So, I recently got to work with vcf file format for the first time. It is been quite a mess to start with, but after all the helps I can gather around here (Thank you very much, YK & HS !!!) I finally came down to a solution.
You probably have heard about “plink”, “plink/seq”, and “vcftools”. Among the three programs, “plink” has been around the longest, and one of the reason may be because it is versatile, has good documentation, and quite easy to use. Although plink/seq was inspired by plink, its documentation is still during development (I tried to be optimistic here).
For this short tutorial, I am going to use PLINK/BED file as a medium for file conversion, since it is the fastest file to manipulate and the most efficient to use in terms of disc space and memory requirement (from my experience).
“So, my question is how do I convert my GWAS data to vcf format, with a specific reference allele that I want to use i.e. not the default ‘major allele’ as a reference as we typically do”
So, I now have PLINK/Binary format file call csOmni25 and a file containing reference allele csOmni25.refAllele
As a short note: csOmni25.refAllele looks like this
-------- csOmni25.refAllele ---------------- rs12345 A rs12958 G rs10596 C rs18607 T ... ... ---------end csOmni25.refAllele--------------
- First, we will convert PLINK/Binary format file so that A1 [reference allele] correspond to the reference allele that we want
NOTE: when you create the reference allele file, make sure that all reference alleles are in UPPER CASE.

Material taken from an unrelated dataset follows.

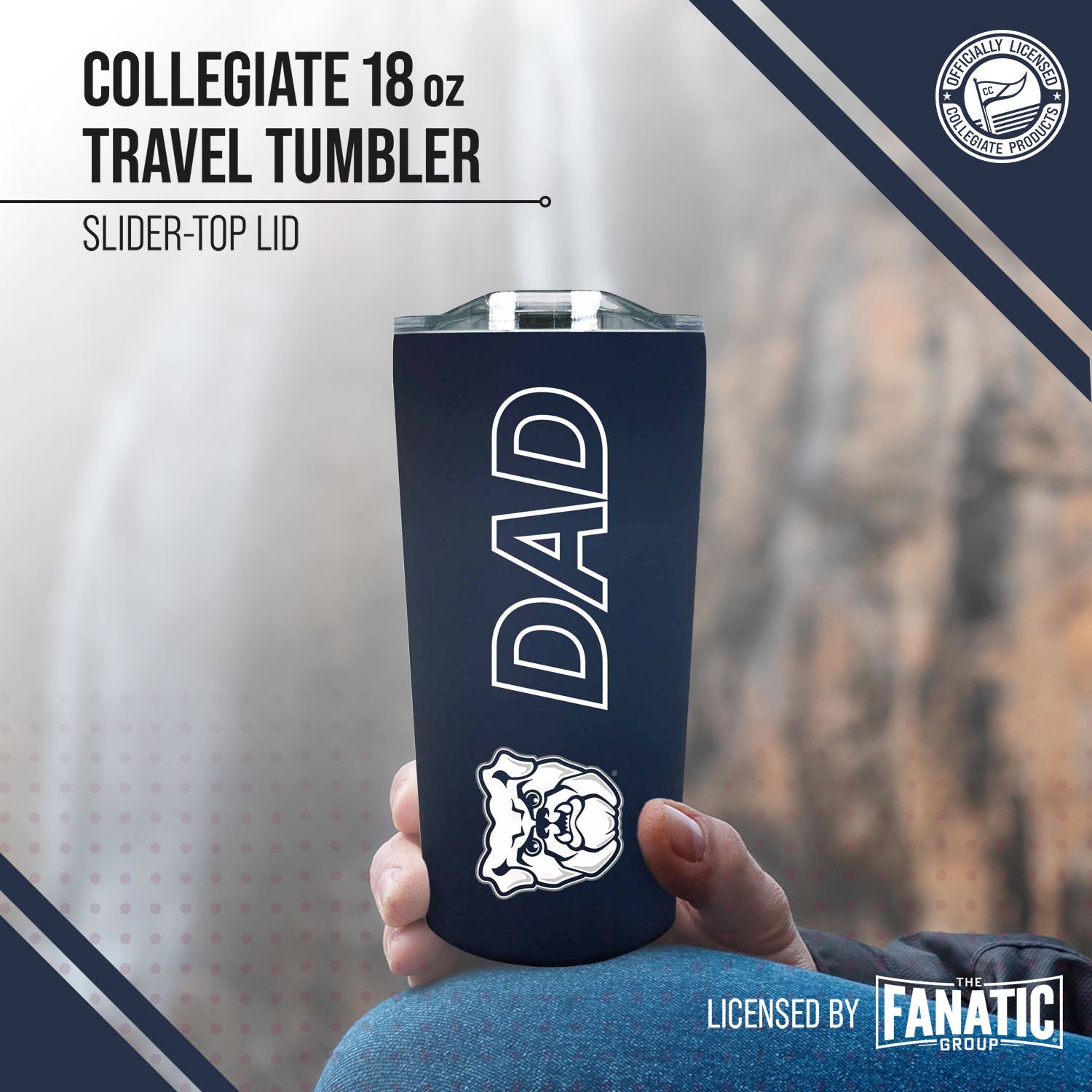 Our stainless steel tumbler mugs for dad are designed for constant use in any type of setting! At a sports game? These insulated tumblers are compact and can fit in most cup holders. On the move? Our contoured spout makes it easy to sip on the go! Your tumbler is there to compliment your Butler sweatshirt when you need to stay warm and there when you're looking for an ice-cold refreshment. No matter the setting, show your school and dad pride while properly and efficiently preserving the desired temperature of your beverage! This Butler Bulldogs DAD travel mug also makes a great gift if you're looking to give your dad, step dad, or father figure in your life a present! All of our products feature the official team colors, logos and lettering. We don't skimp on quality in any way. The colors are always vibrant and the graphics are always accurate and brimming with team spirit. Let everyone know you're a cool dad and get this dad tumbler today!

- Second, we will import plink/bed to plink/seq and write out vcf format file
Here’s the script that I use. It’s that simple. And for your reference, it took me a week to figure this out, and tested it.
#!/bin/sh ##-- SCRIPT PARAMETER TO MODIFY--## PLINKFILE=csOmni25 REF_ALLELE_FILE=csOmni25.refAllele NEWPLINKFILE=csOmni25Ref PLINKSEQ_PROJECT=csGWAS ## ------END SCRIPT PARAMETER------ ## #1. convert plink/binary to have the specify reference allele plink --noweb --bfile $PLINKFILE --reference-allele $REF_ALLELE_FILE --make-bed --out $NEWPLINKFILE #2. create plink/seq project pseq $PLINKSEQ_PROJECT new-project #3. load plink file into plink/seq pseq $PLINKSEQ_PROJECT load-plink --file $NEWPLINKFILE --id $NEWPLINKFILE #4. write out vcf file, as of today 4/6/2012 using vcftools version 0.1.8, although the documentation says that you can write out a compressed vcf format using --format BGZF option, vcftools doesn't recognize what this option is. So, I invented my own solution pseq $PLINKSEQ_PROJECT write-vcf | gzip > $NEWPLINKFILE.vcf.gz
At the end, this will create a compressed vcf file “csOmni25Ref.vcf.gz” with the specified reference alleles.